Il presidente americano è convinto che gli iraniani nascondano i problemi: e la nave, anzi, la supernave cinese che si occupa di raccolta dati di Intelligence arrivata nello Stretto di Hormuz potrebbe essere la conferma che l’Iran potrebbe essere in difficoltà (qui un articolo). Non è una questione militare, perché l’Iran, che si distende in un territorio molto esteso, oltre un milione e 600 mila km2, due volte la Spagna e l’Italia messe insieme, accumula armi da oltre vent’anni. Il problema potrebbe essere un altro. I militari iraniani sono impegnati a difendersi dai continui bombardamenti e a bombardare, a propria volta, gli americani, gli israeliani e i Paesi del Golfo. Questo, a lungo andare, potrebbe allentare la presa del regime iraniano sulla popolazione. Sulla rete e qualche volta anche in televisione si vedono migliaia di persone che acclamano il regime. Sarà sicuramente vero. Saranno 30 mila, 50 mila, anche 100 mila. Ma l’Iran è un Paese con oltre 90 milioni di abitanti. E molti di questi abitanti non ne possono più di vivere sotto il dominio di un regime dispotico. La vera carta che stanno giocando Trump e gli israeliani è proprio questa: tenere sempre sotto attacco l’Iran (e il Libano, per ciò che riguarda Israele) per indebolire il potere del regime iraniano sulla popolazione. Attenzione, perché l’Iran potrebbe rispondere allargando il conflitto per costringere America e Israele a fermarsi.

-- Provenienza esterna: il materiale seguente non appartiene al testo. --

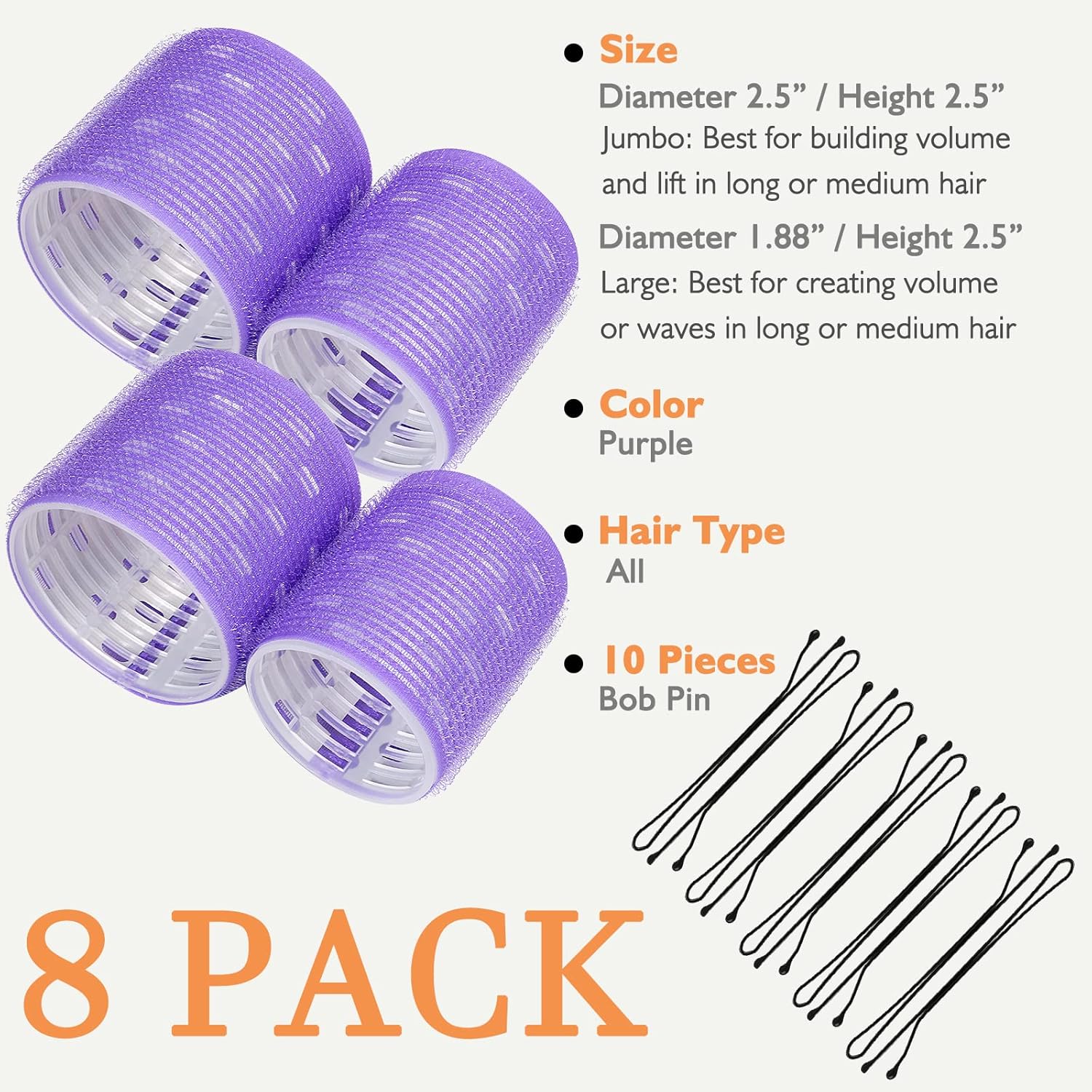 Hair Rollers 8 Pack, Self Grip Hair Curlers Assorted Size Heatless Hair Curlers, Velcro Rollers Styling Curling and Appliances with Storage Bag and Clips (2 in 4 Pack & 1.9 in 4 Pack)
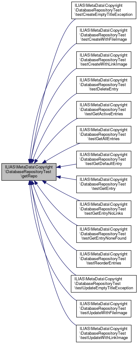 Referenced by ILIAS\MetaData\Copyright\DatabaseRepositoryTest\testCreateEmptyTitleException(), ILIAS\MetaData\Copyright\DatabaseRepositoryTest\testCreateWithFileImage(), ILIAS\MetaData\Copyright\DatabaseRepositoryTest\testCreateWithLinkImage(), ILIAS\MetaData\Copyright\DatabaseRepositoryTest\testDeleteEntry(), ILIAS\MetaData\Copyright\DatabaseRepositoryTest\testGetActiveEntries(), ILIAS\MetaData\Copyright\DatabaseRepositoryTest\testGetAllEntries(), ILIAS\MetaData\Copyright\DatabaseRepositoryTest\testGetDefaultEntry(), ILIAS\MetaData\Copyright\DatabaseRepositoryTest\testGetEntry(), ILIAS\MetaData\Copyright\DatabaseRepositoryTest\testGetEntryNoLinks(), ILIAS\MetaData\Copyright\DatabaseRepositoryTest\testGetEntryNoneFound(), ILIAS\MetaData\Copyright\DatabaseRepositoryTest\testReorderEntries(), ILIAS\MetaData\Copyright\DatabaseRepositoryTest\testUpdateEmptyTitleException(), ILIAS\MetaData\Copyright\DatabaseRepositoryTest\testUpdateWithFileImage(), and ILIAS\MetaData\Copyright\DatabaseRepositoryTest\testUpdateWithLinkImage().

Cina e Giappone si prenderanno tutto il petrolio in circolazione?

Ciò significa che la guerra non sarà breve. Non sarà lunghissima ma non durerà meno di un paio di mesi, a meno che non succeda qualcosa. Questo significa che l’Unione europea è nei guai, sia perché il prezzo del petrolio potrebbe schizzare a 200 dollari al barile, sia perché, con la carenza di offerta, Cina e Giappone potrebbero intercettare il petrolio destinato ai Paesi europei, sia per motivi politici (la Cina è aleata della Russia), sia perché più ricchi (il Giappone). Se la guerra si dilungherà per altri due mesi e se Cina e Giappone cominceranno a fare incetta di petrolio, la situazione per l’Italia potrebbe diventare problematica. Il prezzo di benzina e gasolio schizzerebbe alle stelle e poiché le merci, nel nostro Paese, ‘viaggiano’ quasi tutte sui mezzi gommati, si avrà un aumento dell’inflazione, con riferimento soprattutto ai beni alimentari.